Airborne lidar, when combined with field observations, can be used to predict and map canopy and surface fuel loads with moderate accuracy across landscapes. We found that surface fuel loads were related to time since fire and present a remote sensing framework for quantifying landscape temporal dynamics in surface fuel accumulation. Our finding that fuel loads were related to time since fire suggests that future work that aims to map fuel loads with remote sensing can benefit from considering fire and other disturbance history.
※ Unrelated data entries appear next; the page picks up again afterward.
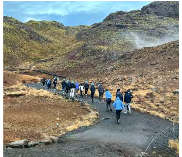
The amazing Iceland trip!
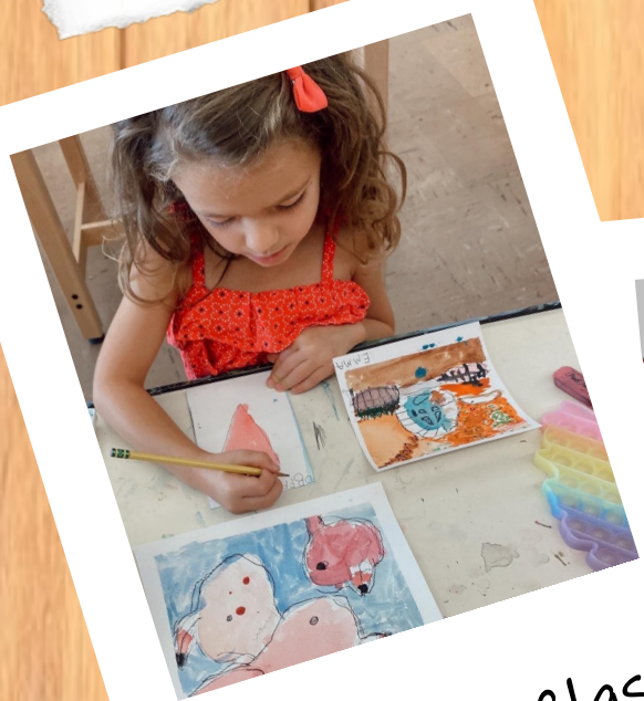
Youth Art Class
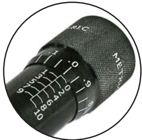
Metric Micrometer (Included) P/N:101587

The D100S Portable Series hose crimper paired with either a ValPower® Hand Pump, Pneumatic pump or Multi-Electric Pump make the perfect combination for portable crimping requirements.
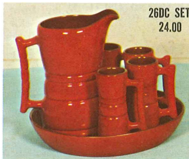
26DC SET 24.00 26D—1 QT. PITCHER 26DC—3 OZ. JUICE 6.50 91—TRAY 3.25 4.75
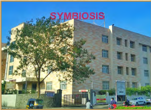
Symbiosis International University, Viman Nagar New Campus
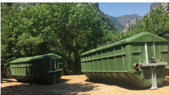
2 Units in Northern Spain

EWwS offer process optimisation for every plant after it has been installed.
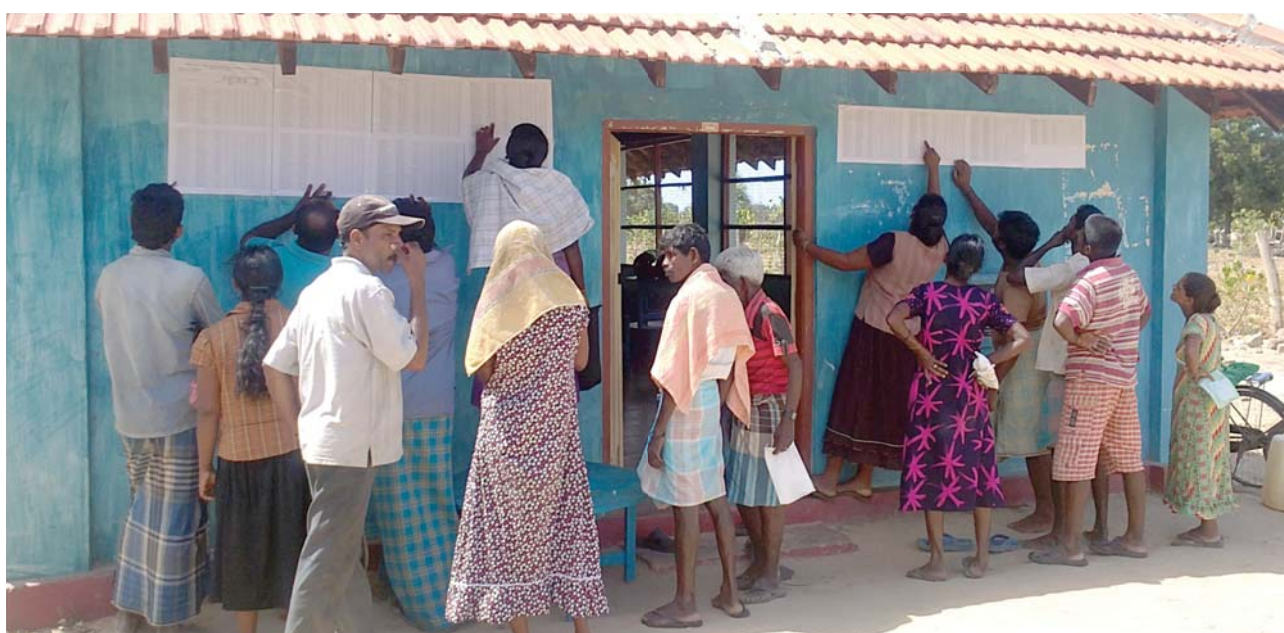
Community members scrutinising final beneficiary lists displayed at prominent locations for the Indian Housing Project.

As the number of households eligible for housing assistance greatly outnumbered the number of households allocated with available funding, a transparent beneficiary selection process was a vital requirement of the programme. This required the eligible beneficiaries to be carefully screened and selected. The eligible beneficiaries were ranked based on the vulnerability of the households as per the eligibility and ranking criteria. This selection process is different to that of selecting the vulnerable villages and providing assistance to all the eligible beneficiaries in the village. Although there are some merits in this method, experience shows that most vulnerable families in other villages do not have the opportunity for assistance. By choosing this method most vulnerable families in the entire district were included for assistance.
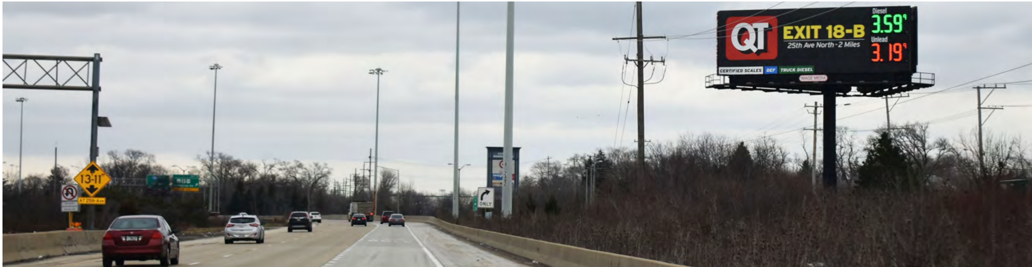
I-290 EISENHOWER EXPRESSWAY EB AT I-294/I-88 FW 20'X60' TRAFFIC INBOUND TO CHICAGO FROM WEST SUBURBS RHR CLOSE TO NEXT EXIT MANNHEIM RD.
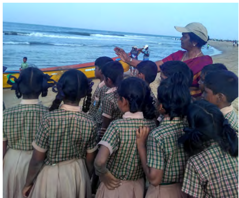
Students at Kovalam beach on field trip

The author addressed the relationship between man and nature and highlighted to admire, to admit and to adore the nature at home, school and in public places. As a coordinator, she gave a brief note on environmental activities follow-up done by the school for a year. The participants took an oath on saving environment and they all received saplings. The tree plantation was done at the campus by the chief guests and others.
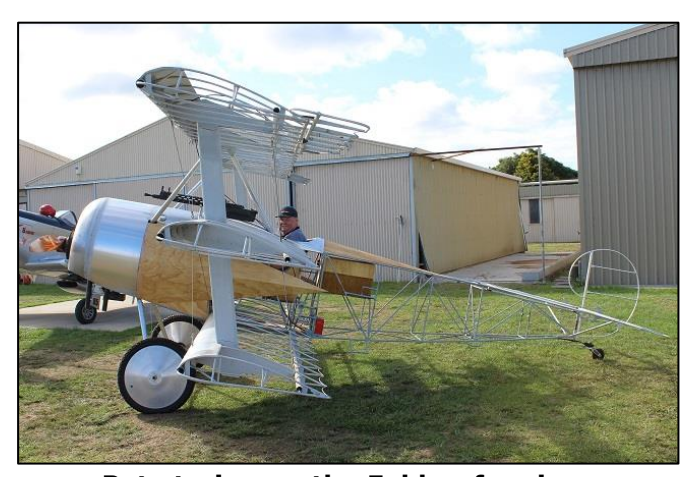
Pete trying on the Fokker for size.
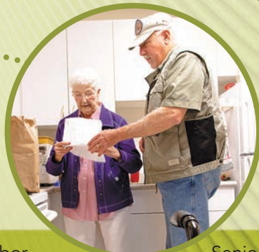
Senior Services of Snohomish County
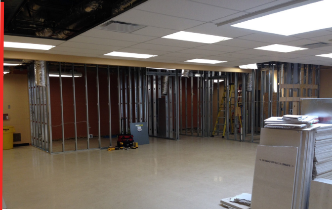
IN PROGRESS PHOTO OF CLASSROOM FRAMING

Earlier this month, Oberer Thompson Company began construction efforts on a classroom expansion at the Upper Valley Career Center (UVCC) in Piqua, Ohio.
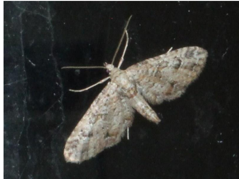
Figure 10. Xanthorhoe transjugata

This is a medium-sized moth (Family Noctuidae) with a wingspan of 34 mm. Stolid Lines (Figure 9) are common throughout Africa, Europe and Asia (Picker et al. 2004). In Europe, the larvae of the this moth feed on oak, puncture vine ( Tribulus sp.) and bramble ( Rubus sp.) (Picker et al. 2004).
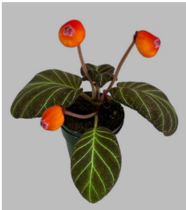
Pearcea hypocyrtiflora
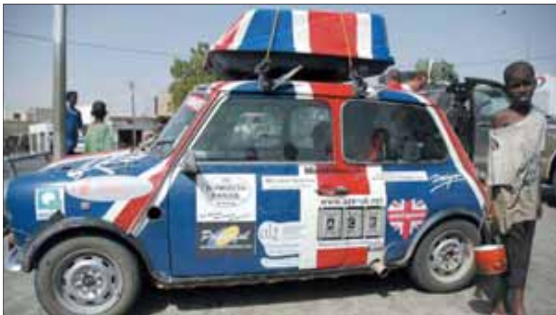
A car taking part in the Ultimate Banger Challenge stops for refuelling in the Senegalese town of Kebemer.

Sahara was this one: "Once the Rally is under way... teams are on their own. "We had to keep up a speed of at least 80kph otherwise we'd be swallowed up by the dunes, and we couldn't see more than 100m beyond our noses because we were stuck in a sandstorm," Kirkpatrick recalls. "So we were bumping off rocks and basically driving blind, just hoping not to get sprayed with sand." Spray-painted with the Union Jack, his car certainly looked the part, but its ventilation system left much to be desired. "These cars overheat in cold England so imagine what happens when you're crossing Africa! We were expecting it to blow up at any moment but thankfully we made it,"
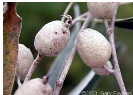
Dry, silvery fruits of Russian olive

Autumn olive and Russian olive are closely related and similar in life history and invasiveness. Reproduction is primarily by seed, but also from root-crown sprouting and suckering. Seeds can remain viable for 3 years. Although not in the legume family, both species have nitrogen-fixing root nodules and are able to tolerate infertile soils and disrupt nutrient cycles in native plant communities. Their prolific and rapid growth enable them to compete with native plants for water, light and other
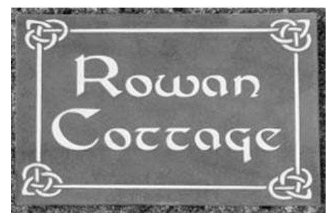
Fig. 3 Gray Scale conversion

In this paper the algorithm described is not depend on the type of colours in image and confide mainly on the gray level of an image for processing and extracting the required information. Colour components like Red, Green and Blue value are not used throughout this algorithm. So, if the input image is a colored image represented by 3-dimensional array in MATLAB, it is converted [4].
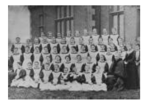
I assure you that both uniforms, and dormitories have undergone a radical change!
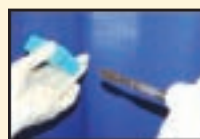
1. Insert handle and blade in remover
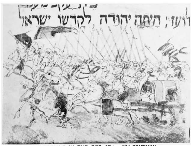
EGYPTIANS IN THE RED SEA. XV CENTURY From illuminated Italian Manuscripts in the Frankfort City Library
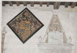
Hatchment and Monument in the Chantry Chapel at St Margaret's Church Mapledurham
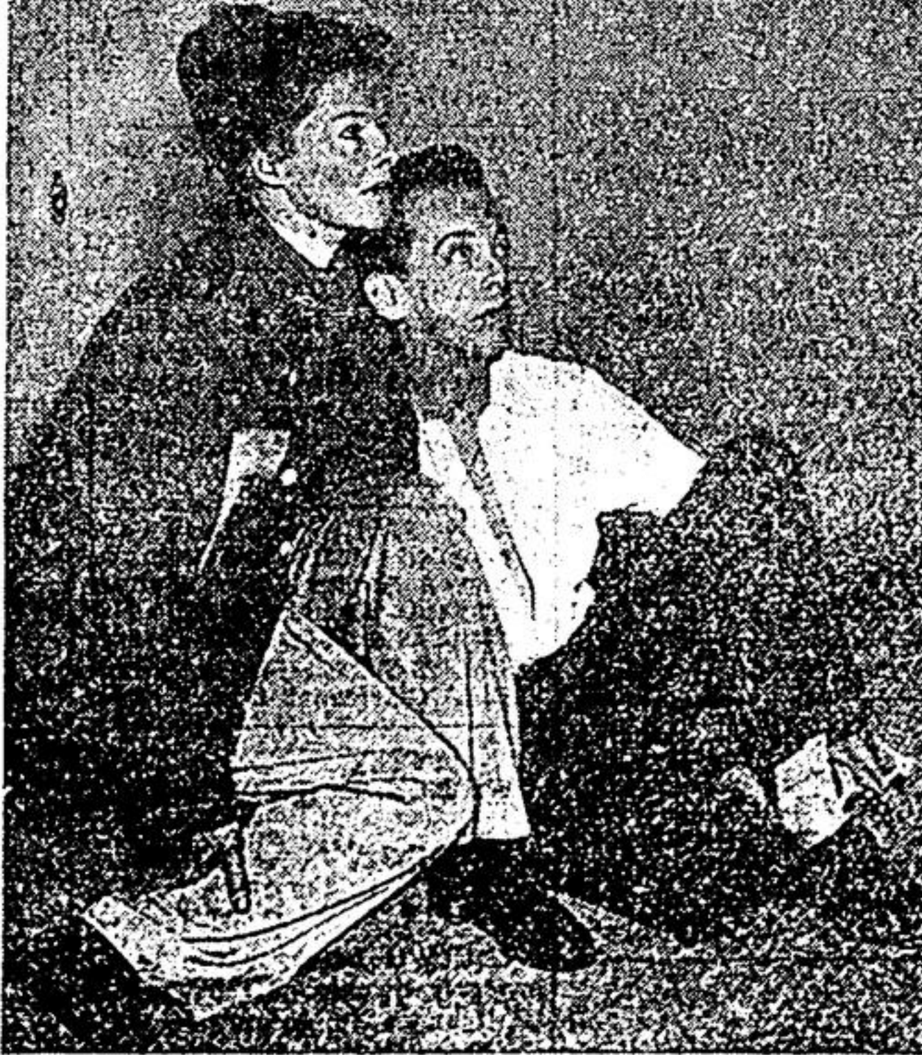
They're both looking forward to a tour of Australia later.
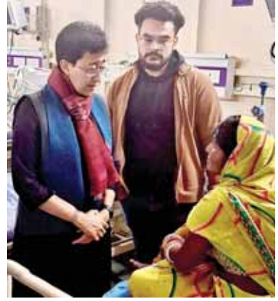
Acting Chief Minister of Delhi, Atishi visits injured victims of the New Delhi Railway Station stampede at the LNJP Hospital in New Delhi

Opposition parties on Sunday blamed the government for "gross mismanagement" at New Delhi railway station that led to a stampede in which 18 people died and demanded Railway Minister Ashwini Vaishnaw resign taking moral responsibility. Several opposition parties, including the Congress, the Left, Trinamool Congress and the Rashtriya Janata Dal, accused the government of failing to make elaborate arrangements and "covering up" the actual number of deaths. The BJP leaders, however, sought to defend the government by posting pictures on social media that showed the situation at the New Delhi railway station had turned normal. Congress president Mallikarjun Kharge said it was extremely shameful and condemnable that the Narendra Modi government was attempting to "hide the truth" about the deaths. In a social media post, the party said, "The railway minister should resign, apologise to the country." Former Congress chief Rahul Gandhi said better arrangements should have been made at the station in view of the large number of devotees going to Prayagraj for the Maha Kumbh. "This incident once again highlights the failure of the Railways and the insensitivity of the government," he said in a social media post. Former Railway minister and senior Congress leader Pawan Kumar Bansal said the ultimate responsibility of the tragedy lies with the minister and he cannot escape it.
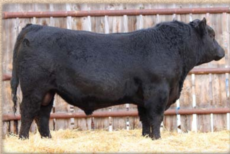
Lot 44 - FR MOMENTUM 46H

He will make friends sale day. A quiet bull with a nice working temperament, lots of hair, and a big body.
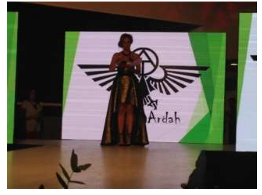
First Annual Fashion Show, Irapuato, Mexico for the UIW Bajio Campus, February 9, 2017

(SD=1.20); 54% were Psychology majors. The outcome measures assessing satisfaction with, enjoyment of, and interest in the service-learning experience were significantly correlated so they were combined into a single Overall Satisfaction with Service Experience (OSSE) outcome measure. A regression analysis conducted with participant characteristics as predictors of OSSE was not significant [F(9,8) = .885, p > .05]. Students reported a high level of satisfaction with their service experience (M=4.33; SD=.59) and interest in participating in a future service-learning course (M = 4.27; SD=.96). They also indicated they believed that their experience related to the principles of social psychology (M=4.35; SD=.80). Although participants indicated a high level of interest in serving with fellow students, they also indicated they would not mind serving alone (M =4.46; SD=.51 and M=4.38; SD=.64, respectively). All responses to the open-ended question (n = 11; 42%)indicated a desire for more interaction with the people being served by the community organization. Given this student feedback, future research will investigate satisfaction with service experiences based on degree of direct involvement with service-recipients. Future research will also focus on the role of participating in service with others as an influence on desire to serve and satisfaction with the service experience, as well as possible ethnic or cultural differences in perceptions of service-learning experiences.
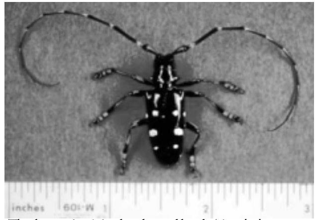
The destructive Asian longhorned beetle ( Anoplophora glabripennis ) from China provided a wake-up call regarding the threat of solid-wood packaging material as a major pathway for invasive pests into the United States. After being intercepted repeatedly at ports of entry for several years by border protection quarantine officials, a population was discovered in Chicago in 1998.

Oceanic islands are well known to be especially vulnerable to invasive species. The Hawaiian Islands comprise one of the most isolated island groups in the world, with
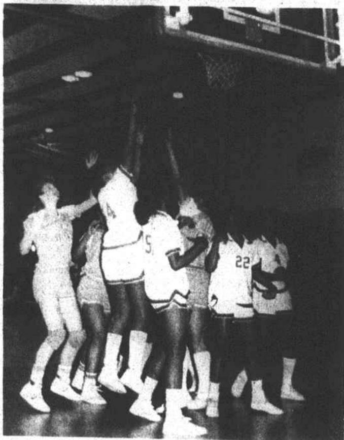
Up and in Although this shot went in for two points, the Hoke High School girls lost in the Southeastern Conference Tourney titles to Reid Ross by 10 points, 68-58. Despite the Friday night defeat, the girls are still the regular conference champions. The girls were 23-2 after Friday's action. Both losses were to Ross. The Hoke girls have beat last year's state champs once.
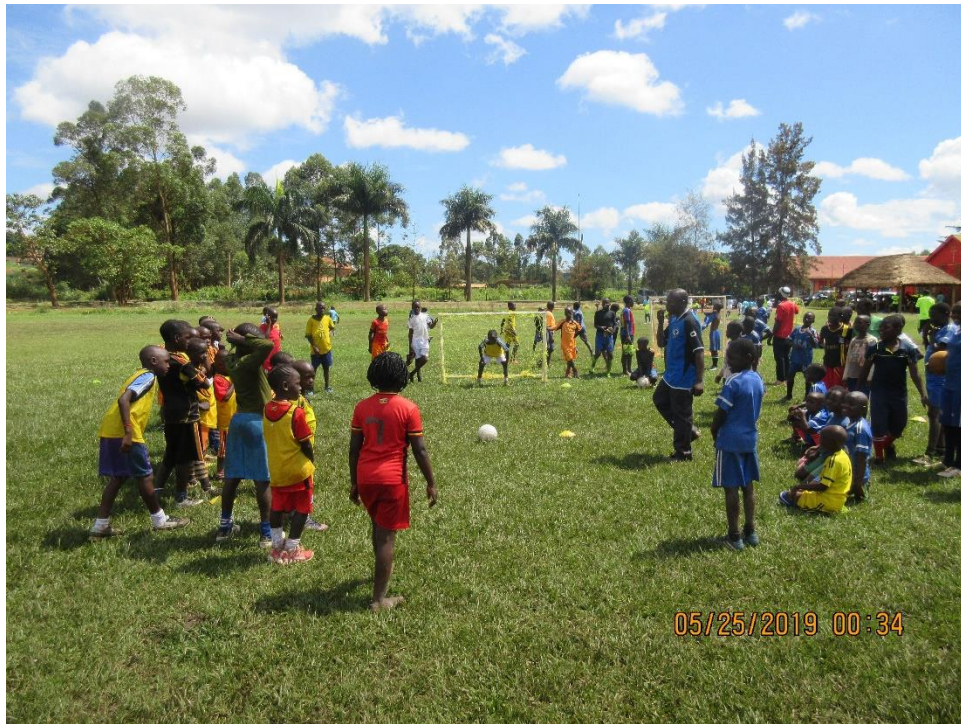
A Buwate girl taking a penalty shot

Landscape scale fuel load maps derived from active remote sensing can provide unbiased geospatial decision support information to forest, wildland fire, and wildlife managers, helping them assess current conditions and plan future treatments for wildland fire risk reduction and long-term ecosystem resilience. As airborne lidar becomes more common in forested landscapes, our methods can also serve as a framework for estimating landscape scale fire emissions and assessing ecosystem dependent relationships, such as post disturbance fuel loading trajectories. The novel approaches described here can be especially useful in landscapes prone to uncharacteristically high severity wildfire due to climate change, such as the sky islands of the southwestern United States.